CBA requires you to be a member of certain professional associations, while NAB and Westpac both target "professionals" but are open to others as well - so long as your income exceeds $75,000 and you have $75,000 in business with NAB or $125,000 with Westpac.
The economic rationale makes sense. If you can identify and segregate your more profitable customers, you can offer them special deals so that they put more of their business with you - and you end up making more profit from them.
Better still if you can charge them a fee for this service - as occurs with several of the relationship packages. (There is a separate but equally important issue here, of what happens to the less profitable customers in this new order.)
Relationship packages are a direct result of the success of non-bank home lenders this decade. After years of offering look-alike products, the banks were shocked to see many of their better customers taking up the challenge of "Aussie" John Symond and his peers and taking their home loans elsewhere.
The term "cherry-picker" gained currency - used somewhat disparagingly by banks to describe customers who shopped around for the best deal. With non-banks talking of expanding into credit cards and other areas, the onus was on the banks to nip this cherry-picking trend in the bud.
Packages take the emphasis off the pricing of individual products and focus attention on the range of services available. Yes, there are discounts. But these are not huge on individual products. You benefit from packages only if you do substantial levels of business with the bank and take advantage of the full range of products available.
It's an area where the non-banks can't compete and it has proven fairly successful in getting customers to bring the bulk of their business back into the fold. Which is not to say package customers are being conned. Many welcome the chance to consolidate all their banking business in one place and can save money by doing so - although you need to do your sums to work out whether it is an attractive option for you.
But they do tend to lock you into a single provider. And as anyone who has changed a bank account well knows, changing providers can often be more of a hassle than it is worth.
What the banks have realised is that it is not just "Aussie" John and his mates who will be competing for their business in the next millennium. Technology is expanding at such a rapid rate that we may well see the Microsofts, Quickens and Telstras offering computer-based money management before too long.
These players don't have huge networks of bank branches. But what they are developing is a powerful database on their customers which will be able to record everything from spending preferences to net worth. Better still, they are increasingly reaching into our homes where the "banks" of the future will be able to sell us everything from home loans to investment products at the click of a mouse.
Financial planners are getting in on the act, too. At present the "wrap accounts" being developed by financial planners and fund managers are merely a shadow of what they have the potential to be. In their current form, wrap accounts are simply umbrellas under which investors can consolidate their investments so that they receive a single set of reports and so on.
But 10 years hence, if they are to sustain a place in the market, wrap accounts will develop into more broad-reaching services that effectively cover all of your personal finances - from borrowings to bank accounts to shares, insurance and super funds.

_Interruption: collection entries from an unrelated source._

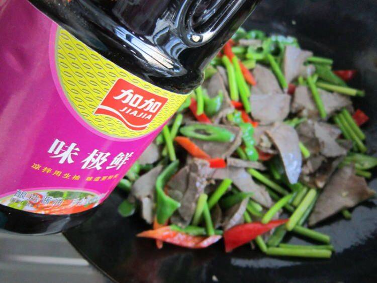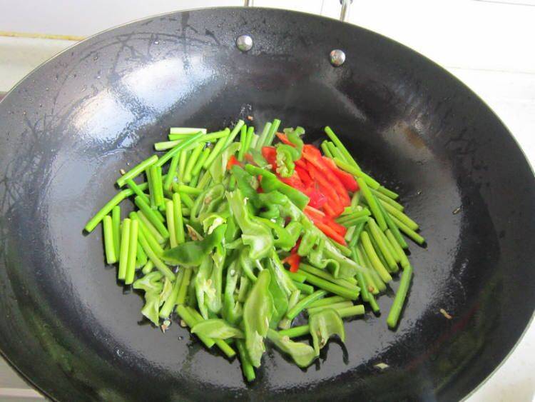 1、食材准备:蒜薹、卤牛肉、植物油、盐、姜、青红辣椒、味极鲜、鸡精。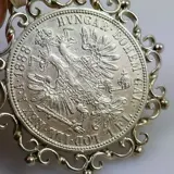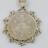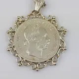 Een zilveren munthanger met een munt uit 1888 van Oostenrijk-Hongarije met een portret van Franz-Jozef I, de man van Sissi.
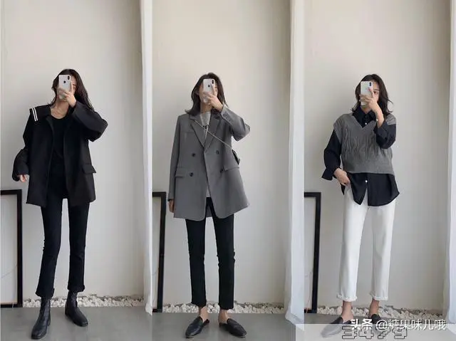 肩宽的女生天生就是衣架子,所以驾驭起没有垫肩款式的小西装也是绰绰有余,内搭选择一件V领的背心或者衬衫,帅气之余又能弱化宽肩的缺点,两全其美不是吗?。

In short, there will be a whole host of providers offering versions of one-stop banking services. Some will be competing with the banks. Others will distribute bank products - often under their own names - effectively turning banks into wholesalers of financial products. An early example is the Ezy Banking alliance between the Commonwealth Bank and Woolworths.
For all of them, the key to success will be cross-selling and tying you into as many products as possible.
Yes, we will be targets. So we'd better start learning to make it work to our benefit.